25

Willer sacó un pie del coche patrulla y lo posó en el suelo del aparcamiento de tierra del monasterio, pero antes de salir encendió la sirena, más que nada para que supieran que había llegado. No sabía a qué hora se iban los monjes a dormir. Sin embargo, se olía que a la una de la mañana ya estaban todos roncando. El lugar se hallaba en la más completa oscuridad; en el exterior no había ninguna luz que lo hiciera menos lúgubre. La luna, que acababa de salir por el borde del cañón, daba al conjunto un aire siniestro.

Otro toque de sirena. Que vinieran ellos. Después de conducir una hora y media por una carretera que debía de ser la peor de todo el estado, no estaba de humor para hacerse el simpático.

—Se acaba de encender una luz.

Siguió el gesto de Hernández. De repente había un rectángulo amarillo flotando en el mar de oscuridad.

—¿Tú crees que Broadbent está aquí? ¿En serio? No hay ningún coche aparcado.

La duda que traslucía el tono de Hernández reavivó la irritación de Willer, que sacó un cigarrillo de su bolsillo, se lo puso en la boca y lo encendió.

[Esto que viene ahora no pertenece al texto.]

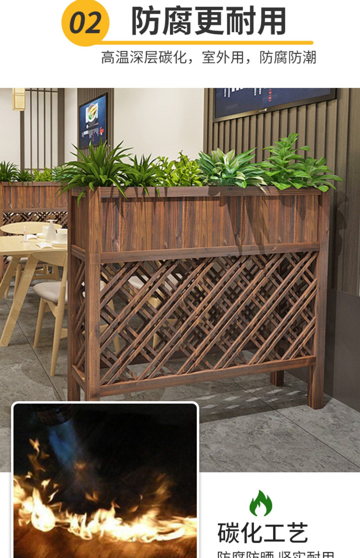 Антикоррозивный деревянный ресторан перегородка цветочные стойки хранение на полке забор для забор сетка коробка забор для забор сетки на открытом воздухе цветочный котла
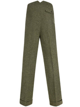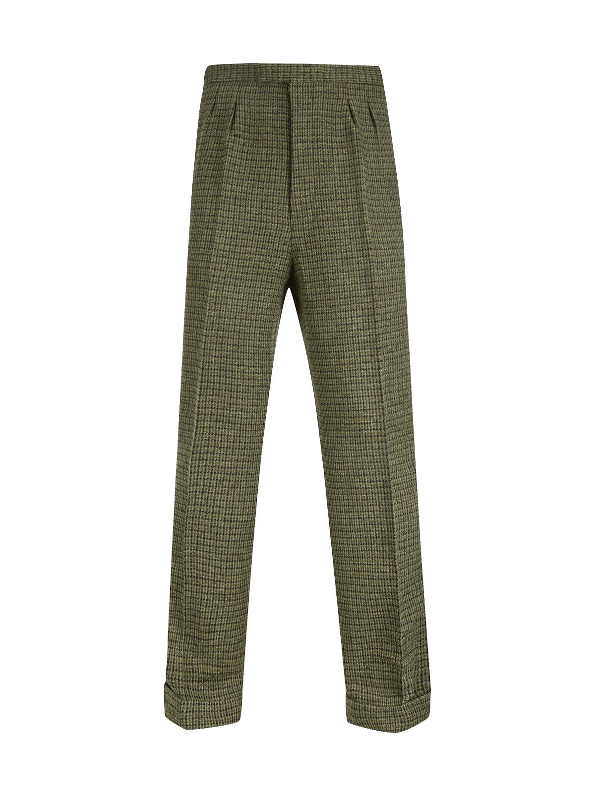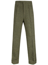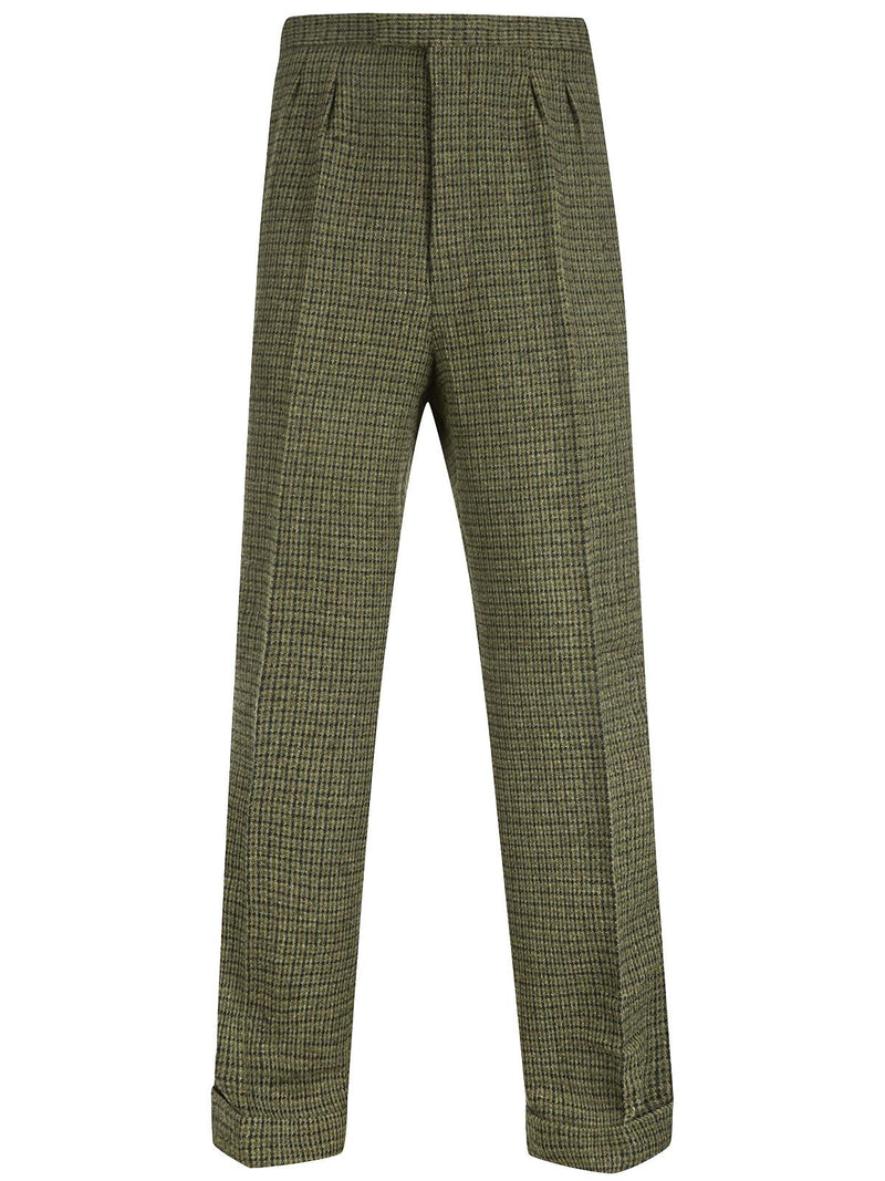Clubman Houndstooth Check Fishtail Trousers - Moss Green

—Sabemos que Broadbent ha estado en la nacional 84 conduciendo el Dodge robado. No ha pasado por ningún control de carretera, y en Ghost Ranch tampoco está. ¿Entonces?

—Esto está lleno de pistas forestales que se desvían de la carretera por los dos lados.

—Bueno, pero a la región de las mesas solo se llega por una carretera, que es esta. Si no está aquí tendremos que interrogar al monje.

Dio una calada y sacó el humo. Una linterna bajaba por el camino. Se acercaba un encapuchado con la cara a oscuras. Willer permaneció de pie, con una bota en el suelo y la otra en el coche, que tenía la puerta abierta.

El monje se acercó con la mano tendida.

—Soy el hermano Henry, el abad de Cristo en el Desierto.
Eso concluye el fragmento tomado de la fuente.